Save the Sound Priorities for New York State Fiscal Year 2021-2022
The ramifications of COVID have left many states in the difficult budget position of deciding which programs to support and which to cut, and New York is no different. However, Governor Cuomo has pledged to do his best to keep current levels of funding for our state’s important environmental programs. Save the Sound supports the following efforts for the coming fiscal year:
CONTINUED FUNDING FOR CLEAN WATER INFRASTRUCTURE ACT AT $500 MILLION
Current clean water infrastructure investments are yielding significant results, however, continued investments to repair and upgrade our aging wastewater infrastructure and to keep drinking water safe and affordable are vital for all residents and local government. For every $1 million invested 17 local jobs are created in design, engineering, and construction, making this a driver of New York’s green economy. New York State needs to follow through on its commitment to invest $500 million in clean water funding for local communities in FY21-22.
FULLY FUND THE ENVIRONMENTAL PROTECTION FUND (EPF) AT $300 MILLION
The Environmental Protection Fund supports projects that protect and improve water and air quality, conserve critical open space, and sustain valuable environmental research and education. It enables NY State to leverage federal, local, and private dollars, investing in a healthy environment which in turn makes NY an attractive home for businesses and families. EPF funding should be maintained at $300 million in FY21-22.
REAUTHORIZE THE ENVIRONMENTAL BOND ACT
Save the Sound strongly supports the reauthorizing the Restore Mother Nature Environmental Bond Act. In our work we see the widespread need to design and build more projects that address the stresses our communities are facing due to the changing climate. The bond would fund projects that reduce local flooding, increase habitat for wildlife, conserve our critical natural resources, and reduce climate change. If passed, Save the Sound will work to support the passage of the bond in November.
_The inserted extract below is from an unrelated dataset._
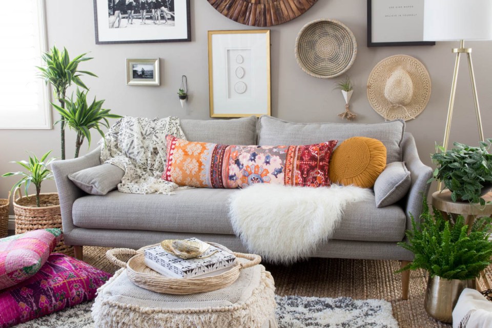 - There is a reason for the word throw pillows! You literally can throw them anywhere and everywhere! If you do not like the color of your sofa, like in my case, just add some throw some pillows that you love. This will draw they eye to the pillows instead of the dingy old sofa. Look how nice these Studio McGee pillows look!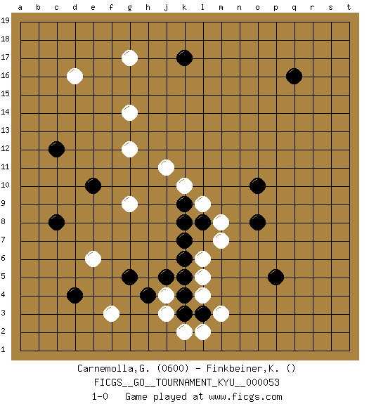 Last move : 1-0 2008 February 5 2:29:44 [Event "FICGS__GO__TOURNAMENT_KYU__000053"] [Site "FICGS"] [Date "2008.01.02"] [Round "1"] [Black "Carnemolla,Giampaolo"] [White "Finkbeiner,Kirk"] [Result "1-0"] [Rating 1 "0600"] 1.q16 d16 2.p5 k10 3.d4 e6 4.e10 g9 5.k17 g12 6.c8 f3 7.l3 g14 8.o10 g17 9.c12 j4 10.k4 l6 11.k8 m8 12.o8 l9 13.k9 j11 14.l8 m7 15.k7 l5 16.j5 k2 17.k3 m3 18.h4 j3 19.k5 l4 20.k6 l2 21.g5 1-0 Here are the names of the openings (joseki) played in the four corners : Corner d4 : d4 e6 Hoshi (Hwajeom, Seongjeom, Xingwei`) 4-4 Point. The star or hoshi (4-4) point, emphasizing influence at the potential expense of territory. Player Black won this Go (weiqi, baduk) game. Follow this game move after move (download)In the corner, five stones in a row on the third line are alive. (Anonymous) Computer Science is no more about computers than astronomy is about telescopes. (Edsger W. Dijkstra)

PLANNING FOR PLUM ISLAND’S FUTURE
Federal legislation has taken Plum Island, New York, off the auction block and opened a path to permanent protection of its fragile wildlife habitats, historic buildings, and Indigenous cultural heritage—which can be realized if New York State steps up to the plate and becomes the island’s preservation champion. Save the Sound urges funding for:
- Additional staffing in NYSDEC Region 1 to ensure rigorous completion and oversight of final environmental remediation plans associated with the closure of the Plum Island Animal Disease Center
- Additional staffing in the Office of Parks, Recreation and Historic Preservation and/or the NYSDEC for timely advancement of open space conservation acquisition projects. This includes desirable interagency consideration of acquiring Plum Island, should it be offered by the U.S. General Services Administration to the State during the federal property disposition process. The two-year Envision Plum Island project report identified New York State as the preferred future owner of Plum Island. Stakeholders’ vision is for creation of “Plum Island Preserve,” achievable as a federal Public Benefit Conveyance requiring little or no State acquisition funding.
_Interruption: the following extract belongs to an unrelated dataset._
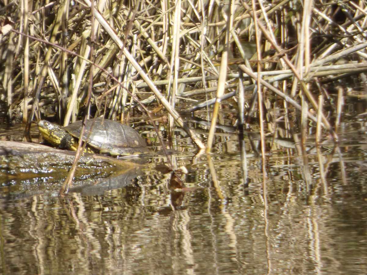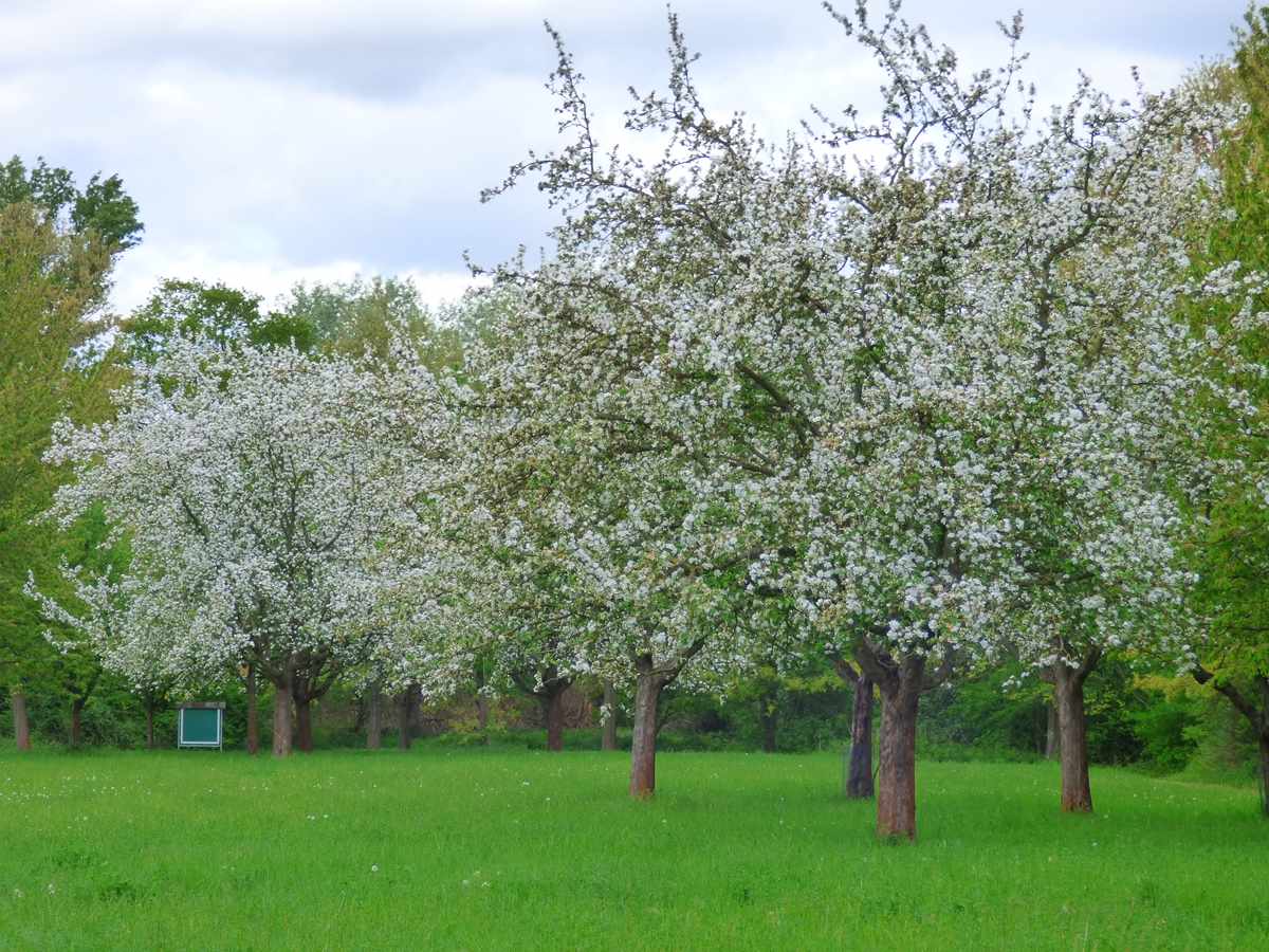 Schon auf dem Weg entlang des Gartenlokals vom Fischerverein entzücken uns die melodischen Flötentöne des Pfingstvogels. Aber so sehr wir auch unsere Augen durch das frische Grün der Bäume schweifen lassen, den Pirol können wir trotz seines auffälligen Federkleides nicht entdecken. Eine Misteldrossel hingegen, die doch viel unauffälliger gekleidet ist, entgeht unseren Blicken und dem Kameraobjektiv nicht. Unüberhörbar ist das Konzert, dass mehrere Nachtigallen veranstalten. Am Scherrschen Weiher können wir die Europäische Sumpfschildkröte bei ihrem Sonnenbad beobachten. Die Blüten der Apfelbäume ziehen viele fleißige Bienen und Hummeln zur Honigernte an.

EXTEND THE PROHIBITION ON WATER SHUTOFFS
The New York State prohibition on water shutoffs is set to expire on March 31, 2021. With the ongoing pandemic, the need for secure access to clean water is more important than ever for New York households. It is critical that New York State extend the prohibition on water shutoffs. In light of the economic downturn which has disproportionately impacted low income communities and communities of color, we urge the legislature to put measures in place to address the accumulated water debt of these New Yorkers and forestall mass shutoffs when our current crisis passes.
ENVIRONMENTAL BILL OF RIGHTS (“GREEN AMENDMENT”) FOR NY STATE CONSTITUTION
The Green Amendment will guarantee all New Yorkers the right to clean air, clean water and a healthful environment. The time is now to assert these rights for all New Yorkers, and in particular for residents of communities that have been disproportionately burdened by a concentration of polluting industries and infrastructure. As a national leader on environmental policy, New York should join the community of states who have already included an Environmental Bill of Rights in their state constitutions.
Together, we can make New York better for ALL of its residents.